**Task goal:** Below are some records. Return exactly the lines from the one with "The Nike SB" to the one with "18:50,全体与会嘉宾在晚", and nothing else.

**Material for this exercise:**
=== Section Start ===

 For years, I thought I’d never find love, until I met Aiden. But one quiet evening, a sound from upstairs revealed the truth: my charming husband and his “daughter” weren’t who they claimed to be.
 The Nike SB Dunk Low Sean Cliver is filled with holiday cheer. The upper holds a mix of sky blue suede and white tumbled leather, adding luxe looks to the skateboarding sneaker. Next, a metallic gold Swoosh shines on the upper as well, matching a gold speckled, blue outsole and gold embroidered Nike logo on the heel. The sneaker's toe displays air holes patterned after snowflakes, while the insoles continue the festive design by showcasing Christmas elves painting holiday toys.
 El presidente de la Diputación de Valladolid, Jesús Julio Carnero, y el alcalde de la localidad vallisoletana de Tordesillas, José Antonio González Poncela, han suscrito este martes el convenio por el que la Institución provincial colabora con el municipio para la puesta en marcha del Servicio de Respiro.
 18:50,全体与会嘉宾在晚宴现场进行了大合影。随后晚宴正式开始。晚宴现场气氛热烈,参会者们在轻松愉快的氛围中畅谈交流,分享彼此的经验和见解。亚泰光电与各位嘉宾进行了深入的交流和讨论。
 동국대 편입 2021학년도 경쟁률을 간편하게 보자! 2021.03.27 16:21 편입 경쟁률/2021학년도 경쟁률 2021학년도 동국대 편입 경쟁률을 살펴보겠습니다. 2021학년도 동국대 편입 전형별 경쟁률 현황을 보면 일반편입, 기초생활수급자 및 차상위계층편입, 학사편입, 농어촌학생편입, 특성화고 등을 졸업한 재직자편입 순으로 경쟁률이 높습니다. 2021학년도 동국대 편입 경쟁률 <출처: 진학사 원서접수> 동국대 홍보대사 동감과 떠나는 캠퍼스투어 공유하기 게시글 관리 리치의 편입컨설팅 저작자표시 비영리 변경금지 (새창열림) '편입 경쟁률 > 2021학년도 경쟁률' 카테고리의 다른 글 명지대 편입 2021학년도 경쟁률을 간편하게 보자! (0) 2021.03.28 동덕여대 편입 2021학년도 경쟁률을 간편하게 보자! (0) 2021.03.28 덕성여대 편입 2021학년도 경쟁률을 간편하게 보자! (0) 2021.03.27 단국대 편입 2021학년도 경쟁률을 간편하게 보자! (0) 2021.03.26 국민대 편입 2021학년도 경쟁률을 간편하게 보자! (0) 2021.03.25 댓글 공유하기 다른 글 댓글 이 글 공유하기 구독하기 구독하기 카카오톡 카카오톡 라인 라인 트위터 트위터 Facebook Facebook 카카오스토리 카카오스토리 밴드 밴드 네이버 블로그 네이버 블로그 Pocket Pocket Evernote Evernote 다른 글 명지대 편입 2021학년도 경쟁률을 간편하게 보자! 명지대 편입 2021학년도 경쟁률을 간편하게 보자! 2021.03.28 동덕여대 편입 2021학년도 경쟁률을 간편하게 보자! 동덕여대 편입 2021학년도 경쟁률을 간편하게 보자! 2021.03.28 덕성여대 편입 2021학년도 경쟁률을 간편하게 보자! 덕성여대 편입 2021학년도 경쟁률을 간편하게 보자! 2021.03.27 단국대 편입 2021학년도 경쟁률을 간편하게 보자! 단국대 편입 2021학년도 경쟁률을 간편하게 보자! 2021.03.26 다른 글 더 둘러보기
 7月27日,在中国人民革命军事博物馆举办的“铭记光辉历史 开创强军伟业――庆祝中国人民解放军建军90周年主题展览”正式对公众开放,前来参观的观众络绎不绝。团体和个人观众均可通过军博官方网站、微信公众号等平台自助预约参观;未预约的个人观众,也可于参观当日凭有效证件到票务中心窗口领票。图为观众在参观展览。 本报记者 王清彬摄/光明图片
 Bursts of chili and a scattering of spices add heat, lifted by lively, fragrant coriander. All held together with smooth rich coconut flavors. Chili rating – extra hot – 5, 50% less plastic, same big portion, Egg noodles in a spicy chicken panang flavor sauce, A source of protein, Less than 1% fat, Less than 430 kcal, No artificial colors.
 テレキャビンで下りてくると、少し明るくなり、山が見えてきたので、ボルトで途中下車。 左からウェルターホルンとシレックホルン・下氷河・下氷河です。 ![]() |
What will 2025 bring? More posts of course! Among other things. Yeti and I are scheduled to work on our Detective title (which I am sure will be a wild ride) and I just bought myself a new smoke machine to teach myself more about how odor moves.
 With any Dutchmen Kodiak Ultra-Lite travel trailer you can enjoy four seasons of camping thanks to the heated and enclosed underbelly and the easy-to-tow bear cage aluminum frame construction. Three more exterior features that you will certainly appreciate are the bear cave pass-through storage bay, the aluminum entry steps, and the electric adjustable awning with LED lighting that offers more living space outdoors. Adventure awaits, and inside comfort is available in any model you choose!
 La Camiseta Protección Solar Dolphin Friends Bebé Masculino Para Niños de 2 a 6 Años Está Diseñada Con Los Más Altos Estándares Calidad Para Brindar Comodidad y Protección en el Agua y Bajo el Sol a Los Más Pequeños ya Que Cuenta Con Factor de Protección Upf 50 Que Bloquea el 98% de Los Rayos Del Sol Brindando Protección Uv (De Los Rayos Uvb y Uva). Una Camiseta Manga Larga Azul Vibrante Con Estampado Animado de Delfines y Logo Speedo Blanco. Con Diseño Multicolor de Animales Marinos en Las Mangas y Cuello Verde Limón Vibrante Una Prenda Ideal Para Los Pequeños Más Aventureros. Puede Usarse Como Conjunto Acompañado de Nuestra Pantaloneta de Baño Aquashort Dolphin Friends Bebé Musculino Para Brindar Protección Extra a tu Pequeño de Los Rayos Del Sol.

=== Section End ===

**Response box:**
 The Nike SB Dunk Low Sean Cliver is filled with holiday cheer. The upper holds a mix of sky blue suede and white tumbled leather, adding luxe looks to the skateboarding sneaker. Next, a metallic gold Swoosh shines on the upper as well, matching a gold speckled, blue outsole and gold embroidered Nike logo on the heel. The sneaker's toe displays air holes patterned after snowflakes, while the insoles continue the festive design by showcasing Christmas elves painting holiday toys.
 El presidente de la Diputación de Valladolid, Jesús Julio Carnero, y el alcalde de la localidad vallisoletana de Tordesillas, José Antonio González Poncela, han suscrito este martes el convenio por el que la Institución provincial colabora con el municipio para la puesta en marcha del Servicio de Respiro.
 18:50,全体与会嘉宾在晚宴现场进行了大合影。随后晚宴正式开始。晚宴现场气氛热烈,参会者们在轻松愉快的氛围中畅谈交流,分享彼此的经验和见解。亚泰光电与各位嘉宾进行了深入的交流和讨论。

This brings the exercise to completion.